Here we assume as input a fasta file where the first sequence in the file is the reference sequence. The following sequences will be aligned to the first sequence in the file. When running the RGA.py the five sequences found in mock_sequences.fa file will be aligned to the first sequence, the 28S reference, and saved as the output file RGA_mock_sequences.fa
The system requirements are pre-installed Needleman-Wunch executable from https://www.ebi.ac.uk/Tools/emboss/. We use the executable "needle" from EMBOSS-6.6.0. The code uses biopython and pandas packages.
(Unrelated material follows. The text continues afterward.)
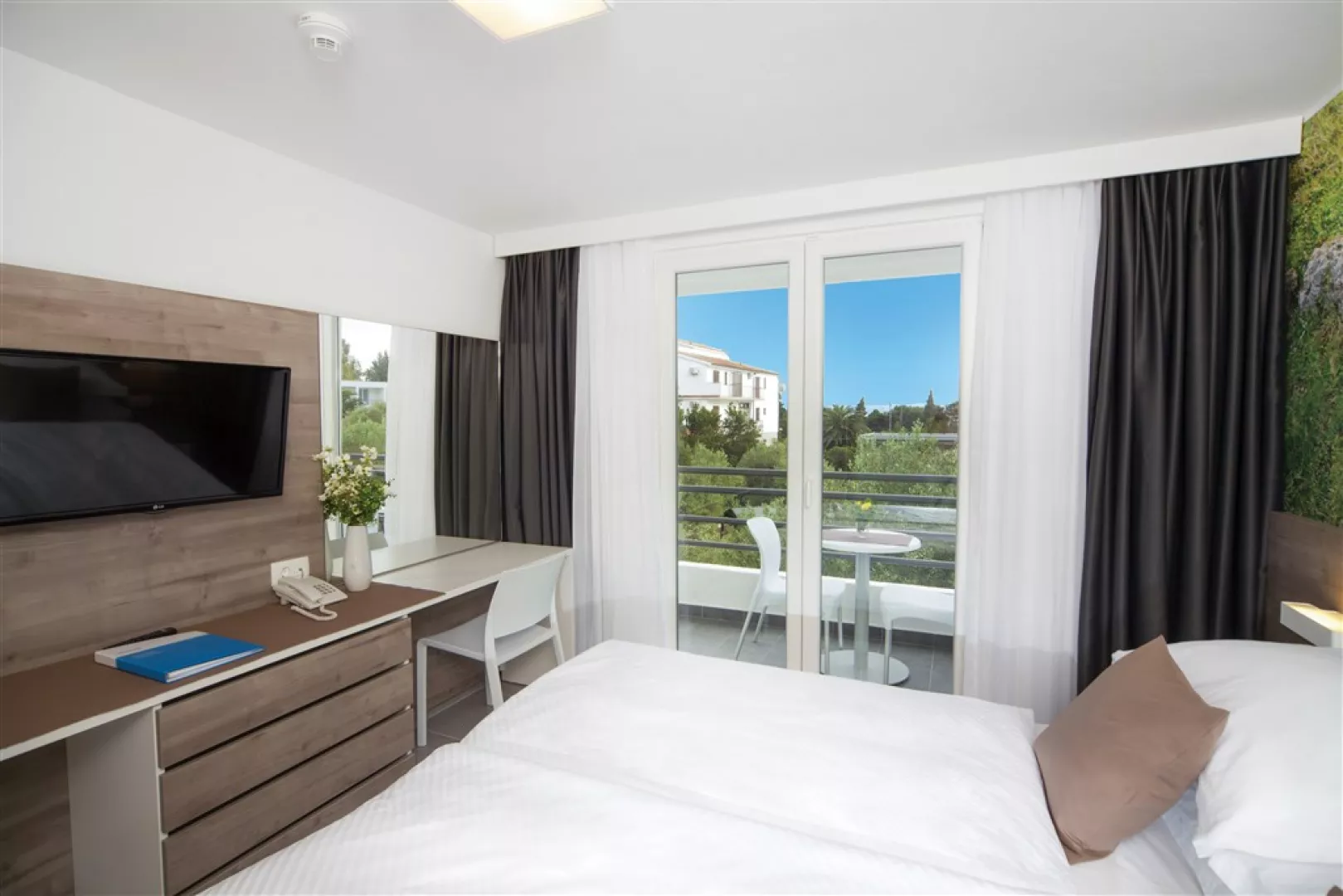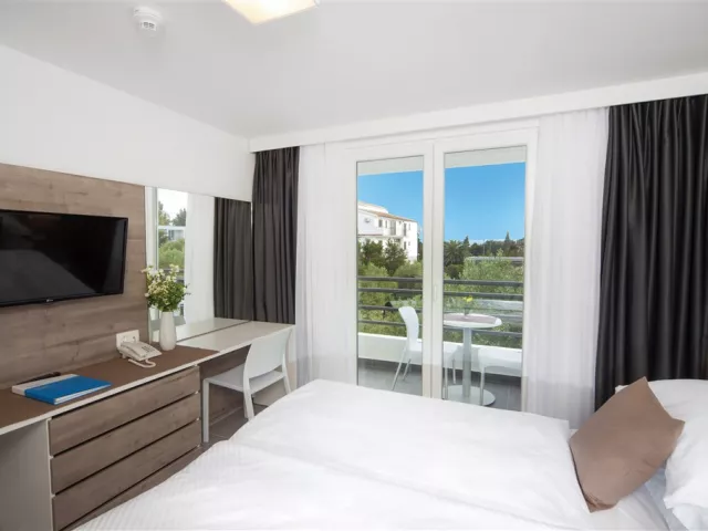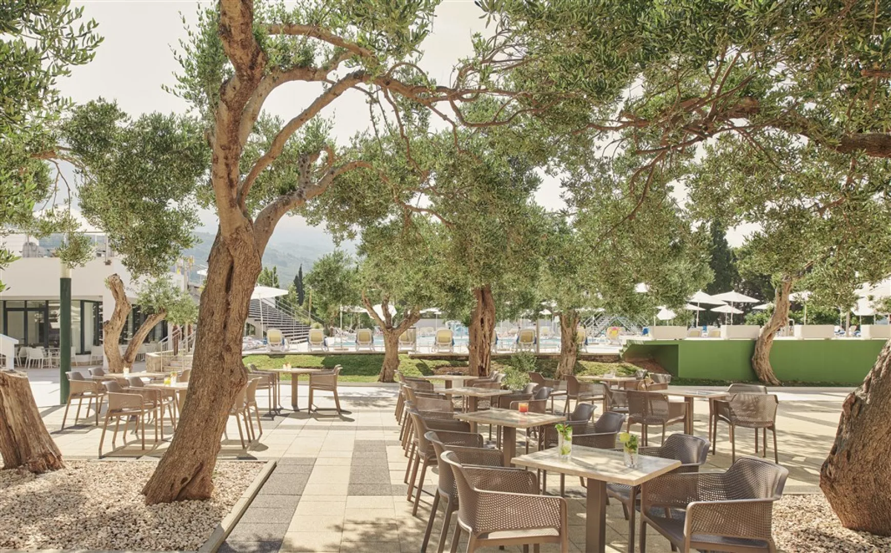 Hotel a jeho depandansy sa nachádzajú priamo pri pláži, oddelené prímorskou promenádou. Pláž má jemný štrk a ponúka ležadlá a slnečníky za príplatok. V blízkosti je aj bazén so sladkou vodou, detský bazén a vonkajšia terasa na slnenie.

The (RGA) steps are as follows where steps 1-4 are illustrated below:
- We align using Needleman–Wunsch global sequence alignment each sequence to the reference sequence which is the first sequence in the provided fasta file.
- We create a reference sequence that aligns with all other sequences that we call a gap-aligned reference. This gap-aligned reference has the same sequence as the reference, but at each nucleotide position, we extend a gap at the size of the maximal gap found by the global sequence alignment to all sequences. Importantly, this gap-aligned reference allows straightforward comparison among all sequences without requiring computationally expensive all-by-all pairwise sequence alignments.
- We align all sequences to the gap-aligned reference using the previous global alignment with additional extended gaps at reference positions.
- Lastly, we extract all variants at a given position across all aligned sequences.